The extension can be configured locally or remotely.

Local Configuration

In your Jupyter configuration (could be ~/.jupyter/jupyter_notebook_config.json), add the following snippet:

{
    "RucioConfig": {
        "instances": [
            {
                "name": "experiment.cern.ch",
                "display_name": "Experiment",
                "rucio_base_url": "https://rucio",
                "rucio_auth_url": "https://rucio",
                "rucio_ca_cert": "/path/to/rucio_ca.pem",
                "destination_rse": "SWAN-EOS",
                "rse_mount_path": "/eos/rucio",
                "path_begins_at": 4,
                "mode": "replica"
            }
        ]
    }
}

Remote Configuration

To use remote configuration, use the following snippet:

{
    "RucioConfig": {
        "instances": [
            {
                "name": "experiment.cern.ch",
                "display_name": "Experiment",
                "$url": "https://url-to-rucio-configuration/config.json"
            }
        ]
    }
}

In the JSON file pointed by the value in $url, use the following snippet:

{
    "rucio_base_url": "https://rucio",
    "destination_rse": "SWAN-EOS",
    "rucio_auth_url": "https://rucio",
    "rucio_ca_cert": "/path/to/rucio_ca.pem",
    "rse_mount_path": "/eos/rucio",
    "path_begins_at": 4,
    "mode": "replica"
}

Attributes name, display_name, and mode must be defined locally, while the rest can be defined remotely. If an attribute is defined in both local and remote configuration, the local one is used.

Configuration Items

Name - name

A unique name to identify Rucio instance, should be machine readable. It is recommended to use FQDN. Must be declared locally.

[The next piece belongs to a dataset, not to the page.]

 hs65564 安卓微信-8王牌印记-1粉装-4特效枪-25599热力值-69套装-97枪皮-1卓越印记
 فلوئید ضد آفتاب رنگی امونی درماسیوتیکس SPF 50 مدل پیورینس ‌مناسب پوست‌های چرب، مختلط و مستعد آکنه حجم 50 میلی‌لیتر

Example: atlas.cern.ch, cms.cern.ch

Display Name - display_name

A name that will be displayed to users in the interface. Must be declared locally.

Example: ATLAS, CMS

Mode - mode

The mode in which the extension operates. Must be declared locally.

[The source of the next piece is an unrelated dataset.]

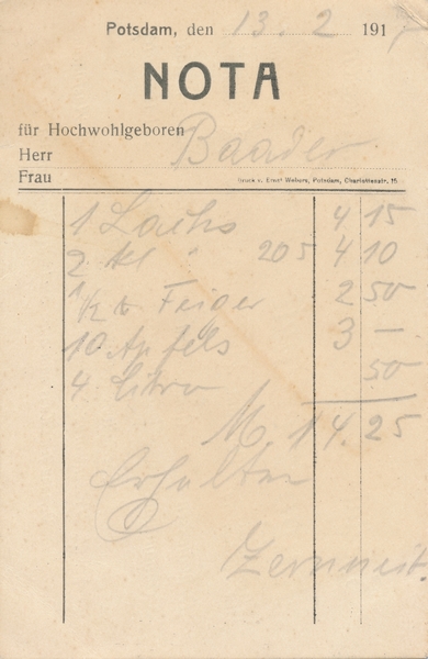 Text auf der Karte: Geschäftskarte mit Rechnung von Hugo Zeruneit Nchf. Spezial-Haus Feiner Delikatessen Entstehungszeit der Karte: beschrieben Potsdam 13.02.1917 Straße und Hausnummer: Am Kanal 45 Kartenart: Geschäftskarte Kartentechnik: Druck Verlag: Druck v. Ernst Webers, Potsdam, Charlottenstr. 15 Gelaufen/ungelaufen: gelaufen Zustand (I=sehr gut bis V=mangelhaft): II Häufigkeit (h=häufig bis rrr=sehr selten): r Heutige(r) Straßenname(n): Am Kanal

  1. Replica mode (replica)
  2. Download mode (download)

Rucio Base URL - rucio_base_url

Base URL for the Rucio instance accessible from the JupyterLab server, without trailing slash.

Example: https://rucio

Rucio Auth URL - rucio_auth_url

Base URL for the Rucio instance handling authentication (if separate) accessible from the JupyterLab server, without trailing slash.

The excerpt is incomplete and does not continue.